Strategic AI Infrastructure: Balancing Cost, Performance, and Governance

Enterprise infrastructure leaders are facing a critical strategic question: where should artificial intelligence (AI) run? This isn’t just an architectural decision; it impacts cost, risk, performance, data sovereignty, and competitive advantage.

Datacom experts—Matt Neil (Director – Data Centres), Mike Walls (Director – Cloud), and Daniel Bowbyes (Associate Director – Strategy)—share insights on designing right-sized AI infrastructure. They emphasize that AI isn’t a one-time deployment but rather a distributed capability requiring ongoing strategic decisions.

The Strategic Shift in AI Infrastructure

AI workloads demand more from infrastructure than traditional IT applications. High-density GPU environments can require 50–100 kW of power per rack, pushing facilities beyond standard capabilities.
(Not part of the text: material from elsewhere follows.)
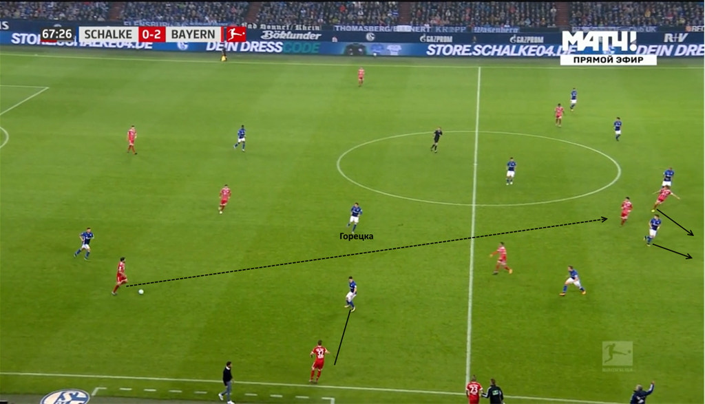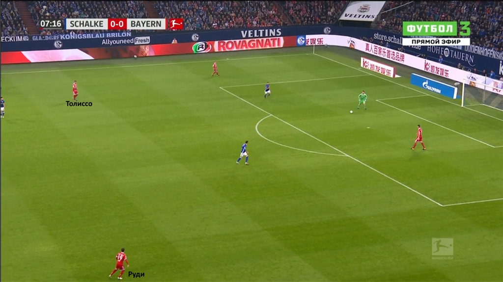 Когда мяч оказывался на флангах игроки Шальке часто втроем накрывали фулбеков «Баварии». Но после стартовых 10 минут у гельзенкирхенцов начались проблемы. Коллективный прессинг превратился в локальные выпады вингбэков Шальке.

Without purpose-built data centres with advanced cooling, organizations increase operational and resilience risks.

The choice between on-premise, colocation, private cloud, or public cloud impacts:

  • Unit cost
  • Scalability
  • Resilience
  • Time to value
  • Control over critical workloads

Moreover, different AI functions—training, inference, generative AI—have varying requirements for architecture, connectivity, storage, and latency.

Key Considerations for Infrastructure Leaders

When deciding where AI should run, organizations must weigh:

  • Location of data and core systems
  • Data sovereignty and residency regulations
  • Intellectual property protection needs
  • Physical hosting capacity (power & cooling)
  • Latency/performance requirements
  • Vendor lock-in risks
  • Cost vs. value trade-offs (inference economics)

Right-Sizing AI Infrastructure

Instead of a one-size-fits-all approach, the right solution aligns infrastructure with specific use cases and organizational maturity.

For example:

  • High-performance training might benefit from on-premise or private cloud
  • Real-time inference applications require low latency
  • Data sovereignty concerns may favor local deployments

Datacom’s approach involves mapping AI activities to the optimal environment based on technical, governance, and business considerations.

As AI becomes embedded in core processes and customer experiences, organizations need confidence that data, models, and outcomes remain secure, compliant, and aligned with their strategic goals.